In various embodiments, the size of the reduced set of basis elements is determined using a predetermined ratio or determined based on an accuracy requirement. As an example, the set of basis elements may be selected to be one-fifth, or one-tenth of the size of the number of datapoints. There may also be determined a maximum, or a desired, amount of information loss, where the set of basis elements may be sized so as to avoid losing a certain amount of information from the number of datapoints.

Optionally, the described process of identifying images using an artificial neural network comprises obtaining a sparse representation of the image (comprising a plurality of basis elements) based on a plurality of pixels within the image. The basis elements preferably form an optimal representation of the image that may be combined to obtain the full set of datapoints.
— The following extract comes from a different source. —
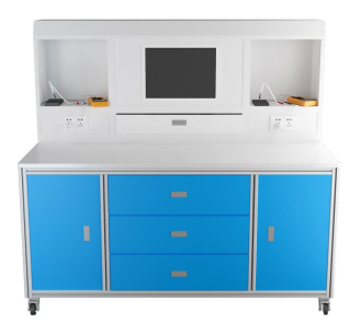工作臺(tái): 桌身采用優(yōu)質(zhì)鋁型材做骨架,整機(jī)既堅(jiān)固耐用,美觀大方。桌面采用 25mm 厚高密度纖維板,外貼防火板, PVC 截面封邊,桌面具有耐磨、耐熱、耐污、耐火、耐菌、防霉、抗靜電及易清潔等特點(diǎn)。工作臺(tái)設(shè)有防靜電配套裝置,桌面上方有實(shí)訓(xùn)屏、高檔條形 LED 照明。工作臺(tái)下裝帶剎車(chē)的萬(wàn)向輪,可以隨意固定和移動(dòng),設(shè)計(jì)有抽屜,抽屜內(nèi)部使用分隔條分隔成各種大小不同空間,實(shí)訓(xùn)電路板、元器件、工具、耗材均可放在隔間內(nèi),拉開(kāi)抽屜,各種電子元件分類(lèi)整齊、一目了然。

Identifying a feature based on the basis elements as opposed to the full set of datapoints may enable a feature to be extracted quickly and at a low processing cost. Optionally, determining a sparse representation comprises compressing the image, optionally by lossless compression.

It will be understood that the present disclosure has been described above purely by way of example, and modifications of detail can be made within the scope of the disclosure.

Reference numerals appearing in the claims are by way of illustration only and shall have no limiting effect on the scope of the claims.